Padang – Pemerintah Provinsi Sumatera Barat (Sumbar) menginstruksikan seluruh kepala daerah untuk memprioritaskan keselamatan warga di tengah ancaman bencana hidrometeorologi.
Gubernur Mahyeldi meminta mitigasi bencana dilakukan secara terencana dan berbasis keilmuan.
Instruksi ini menyusul serangkaian bencana banjir dan longsor yang melanda Sumbar.
“Keselamatan masyarakat adalah tanggung jawab utama pemerintah,” tegas Mahyeldi, Senin (15/12/2025).
Mahyeldi meminta bupati dan wali kota menugaskan tim teknis yang melibatkan ahli geologi, geoteknik, dan kebencanaan.
Tim ini bertugas memeriksa kestabilan lereng dan Daerah Aliran Sungai (DAS) di sekitar permukiman.
“Jangan sampai keterlambatan membaca tanda-tanda alam kembali memakan korban jiwa,” imbuhnya.
Jika hasil kajian menunjukkan ancaman serius, opsi relokasi harus dipertimbangkan secara bijak dan manusiawi.
“Lebih baik kita memindahkan lokasi rumah hari ini, daripada kehilangan nyawa di kemudian hari,” kata Mahyeldi.
Relokasi, lanjutnya, harus dilakukan melalui dialog dan empati. Pemerintah akan memastikan warga memperoleh hunian layak, aman, serta akses terhadap pendidikan, layanan kesehatan, dan mata pencaharian.

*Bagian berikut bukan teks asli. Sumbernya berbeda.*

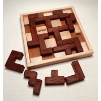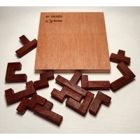 It seems hard to believe that it's been almost 20 years since I first made a small run of this clever packing puzzle design in 2006.  William has graciously allowed me to offer up another run as there were only a dozen copies made in 2006.The original metal version was William’s exchange puzzle at the IPP21 in Tokyo.This version is made using many wood varieties and includes a Stand.  The entire puzzle has been ‘triple buffed’ giving it a very nice sheen.Overall size is a little over 4...

Sementara itu, Wakil Gubernur Sumbar, Vasko Ruseimy, menekankan pentingnya akurasi data dalam penanganan pascabencana.
“Data yang baik adalah bentuk pelayanan kita kepada rakyat,” ujar Vasko.
Ia meminta pemerintah kabupaten/kota segera menyelesaikan pendataan, verifikasi, dan validasi kerusakan serta kerugian akibat banjir dan longsor secara cermat dan bertanggung jawab.
Data yang telah divalidasi akan menjadi dasar penyusunan Kajian Kebutuhan Pasca Bencana (Jitu Pasna) dan Dokumen Rencana Rehabilitasi dan Rekonstruksi Pasca Bencana (R3P).